* _Exercise description_
Only some lines are wanted. Transcribe, exactly, the lines below from the line with "Harpides, Loganopeltis, Loganopeltoides" up to and including the line with "No recado, um".

* _Data extract_
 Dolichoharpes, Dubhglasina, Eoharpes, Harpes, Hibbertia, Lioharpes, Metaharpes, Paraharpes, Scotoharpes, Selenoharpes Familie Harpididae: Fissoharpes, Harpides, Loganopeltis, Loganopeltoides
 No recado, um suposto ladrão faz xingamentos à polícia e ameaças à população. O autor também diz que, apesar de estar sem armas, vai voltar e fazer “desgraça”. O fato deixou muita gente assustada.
---
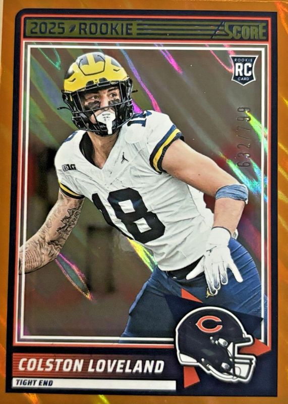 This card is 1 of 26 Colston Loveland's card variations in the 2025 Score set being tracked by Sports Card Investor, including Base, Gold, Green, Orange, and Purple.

* _Task response_
 Dolichoharpes, Dubhglasina, Eoharpes, Harpes, Hibbertia, Lioharpes, Metaharpes, Paraharpes, Scotoharpes, Selenoharpes Familie Harpididae: Fissoharpes, Harpides, Loganopeltis, Loganopeltoides
 No recado, um suposto ladrão faz xingamentos à polícia e ameaças à população. O autor também diz que, apesar de estar sem armas, vai voltar e fazer “desgraça”. O fato deixou muita gente assustada.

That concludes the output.